Description Jan Cholasta 2015-09-22 14:20:20 UTC 
This bug is created as a clone of upstream ticket:
https://fedorahosted.org/freeipa/ticket/5314

Currently, the kdcproxy user is created in the spec file in the %pre scriptlet of freeipa-server. It does not have a static UID andGID assigned, which violates Fedora and RHEL packaging guidelines.

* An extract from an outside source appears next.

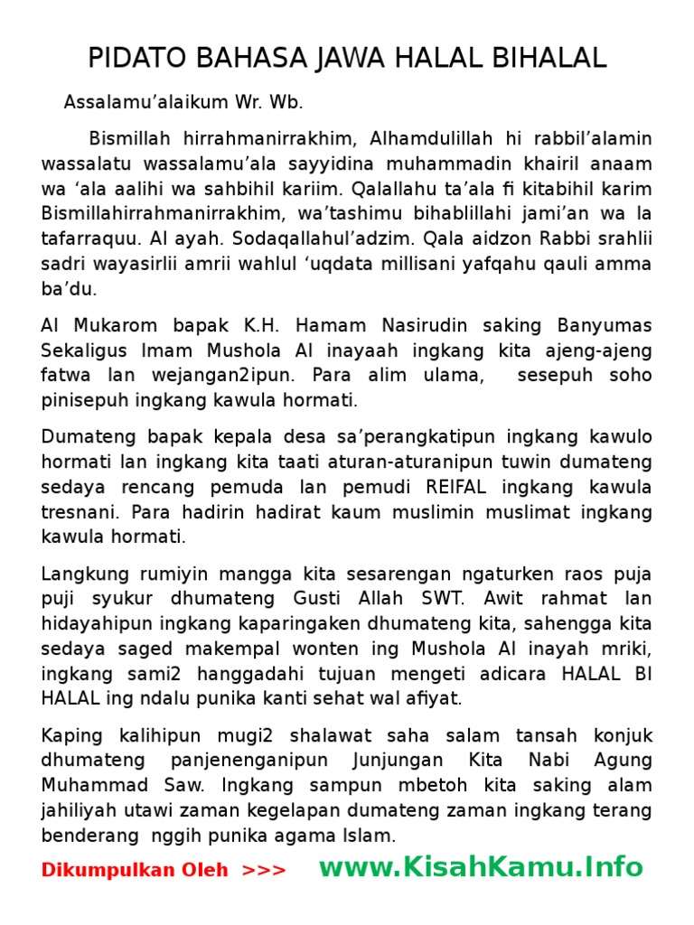 Contoh Pidato Sesorah Halal Bihalal Dalam Bahasa Jawa Mas Jokobek Blog

Fix this by creating the user from ipa-server-install, which is consistent with how DS and CA users are created.
Comment 2 Jan Cholasta 2015-09-22 14:30:32 UTC 
*** Bug 1265276 has been marked as a duplicate of this bug. ***
Comment 3 Jan Cholasta 2015-09-22 14:35:48 UTC 
Fixed upstream
master:
https://fedorahosted.org/freeipa/changeset/0de860318332114ca739a8dd45902f7cc9a3c722
ipa-4-2:
https://fedorahosted.org/freeipa/changeset/4663625bbb3456db7f13578e6cac0c3e5fae2591
Comment 4 Jan Cholasta 2015-09-23 14:38:02 UTC 
Fixed upstream
master:
https://fedorahosted.org/freeipa/changeset/859590337a1978eb216b9f4ec0750db2fd547a5a
https://fedorahosted.org/freeipa/changeset/4c39561261e79fe1cfdef916eafbcb9c204e77e8
ipa-4-2:
https://fedorahosted.org/freeipa/changeset/5750fbdfe6af63977c37799a083351d146c8bcbe
https://fedorahosted.org/freeipa/changeset/091b119580f7bbd534e7643e09fd33a85d8c010b
Comment 6 Kaleem 2015-10-09 10:35:48 UTC 
Verified.

IPA Version:
============
[root@dhcp207-229 ~]# rpm -q ipa-server
ipa-server-4.2.0-13.el7.x86_64
[root@dhcp207-229 ~]# 

snip from ipaserver-install.log 
===============================
2015-10-09T10:27:22Z DEBUG   duration: 2 seconds
2015-10-09T10:27:22Z DEBUG   [15/19]: create KDC proxy user
2015-10-09T10:27:22Z DEBUG Adding group kdcproxy
2015-10-09T10:27:22Z DEBUG Starting external process
2015-10-09T10:27:22Z DEBUG args='/usr/sbin/groupadd' '-r' 'kdcproxy'
2015-10-09T10:27:23Z DEBUG Process finished, return code=0
2015-10-09T10:27:23Z DEBUG stdout=
2015-10-09T10:27:23Z DEBUG stderr=
2015-10-09T10:27:23Z DEBUG Done adding group
2015-10-09T10:27:23Z DEBUG Adding user kdcproxy
2015-10-09T10:27:23Z DEBUG Starting external process
2015-10-09T10:27:23Z DEBUG args='/usr/sbin/useradd' '-g' 'kdcproxy' '-d' '/var/lib/kdcproxy' '-s' '/sbin/nologin' '-r' 'kdcproxy' '-c' 'IPA KDC Proxy User' '-m'
2015-10-09T10:27:23Z DEBUG Process finished, return code=0
2015-10-09T10:27:23Z DEBUG stdout=
2015-10-09T10:27:23Z DEBUG stderr=useradd: warning: the home directory already exists.
Not copying any file from skel directory into it.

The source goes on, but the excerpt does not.